# [WHAT YOU ARE ASKED TO DO]
Print out the data exactly, keeping every image out of it.

# [RECORDS SHOWN]
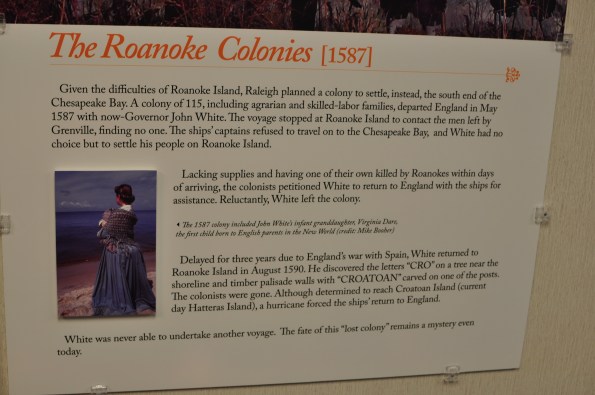 See, beginning several months ago, I was compiling lists of all the different places across the U.S. that I wanted to check out that were in addition to the bigger places I already had in mind (cities, national parks, etc.). And one day I saw this girl with a t-shirt that said “Roanoke” on it. Although the shirt was probably for a college in Virginia, it jogged my memory about the famous “Lost Colony” story I knew about since sixth grade social studies class with Mrs. Conard, and I added Roanoke Island, the site of the Lost Colony, to my list. If you need a refresher, here’s a quick summary from the book “Road Trip USA” by Jamie Jensen:
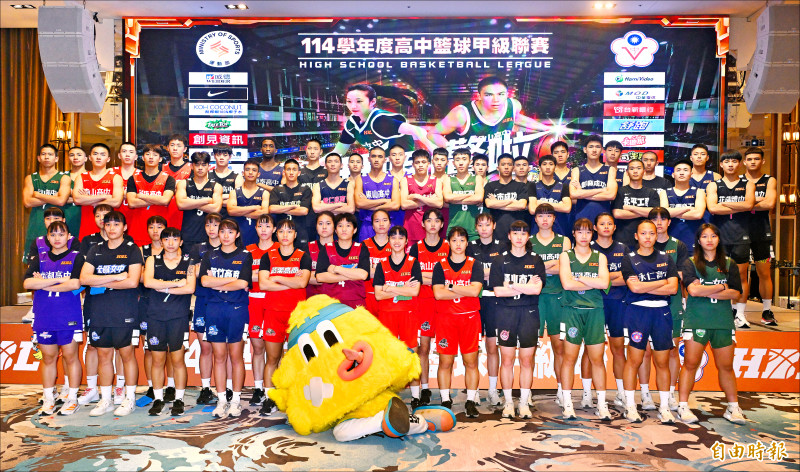 114學年度HBL高中籃球甲級聯賽預賽開打記者會,男16強、女12強共計28個隊伍的球員代表齊亮相。(記者廖振輝攝)
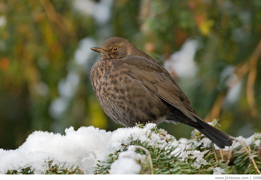 Kos černý, samice / Common Blackbird, female (Turdus merula)Nygardspark, Bergen, Norway / November 2008
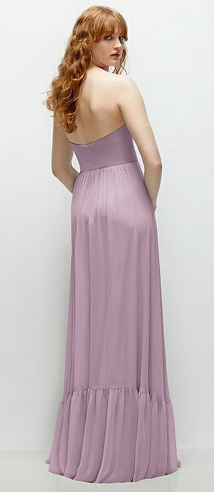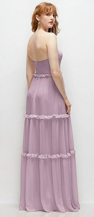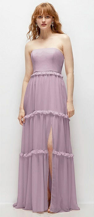 Strapless Chiffon Maxi Dress with Tiered Micro Ruffle Full Skirt in suede rose
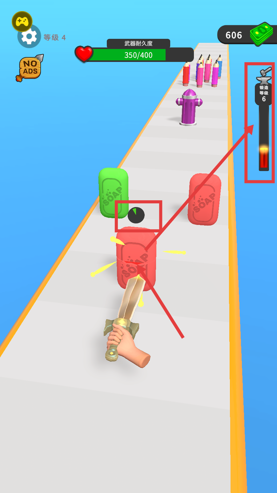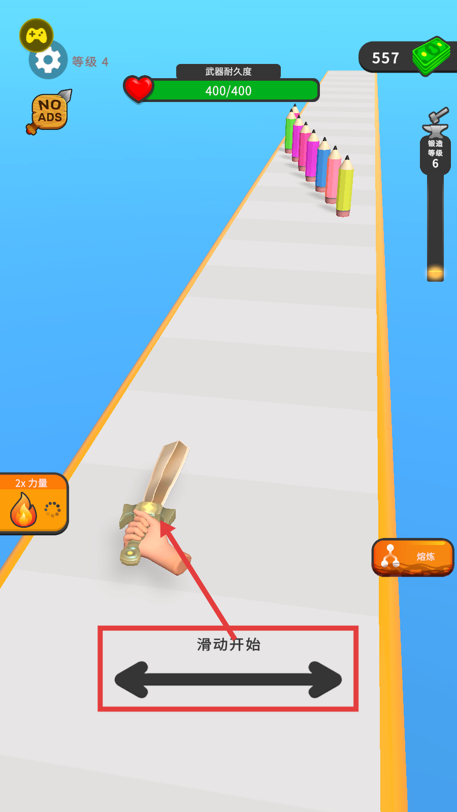 1、等级4,【武器耐久度-400/400】,滑动开始闯关,面对彩色铅笔障碍,开启关卡进程。

# [ANSWER SECTION]
 See, beginning several months ago, I was compiling lists of all the different places across the U.S. that I wanted to check out that were in addition to the bigger places I already had in mind (cities, national parks, etc.). And one day I saw this girl with a t-shirt that said “Roanoke” on it. Although the shirt was probably for a college in Virginia, it jogged my memory about the famous “Lost Colony” story I knew about since sixth grade social studies class with Mrs. Conard, and I added Roanoke Island, the site of the Lost Colony, to my list. If you need a refresher, here’s a quick summary from the book “Road Trip USA” by Jamie Jensen:
 114學年度HBL高中籃球甲級聯賽預賽開打記者會,男16強、女12強共計28個隊伍的球員代表齊亮相。(記者廖振輝攝)
 Kos černý, samice / Common Blackbird, female (Turdus merula)Nygardspark, Bergen, Norway / November 2008
 Strapless Chiffon Maxi Dress with Tiered Micro Ruffle Full Skirt in suede rose
 1、等级4,【武器耐久度-400/400】,滑动开始闯关,面对彩色铅笔障碍,开启关卡进程。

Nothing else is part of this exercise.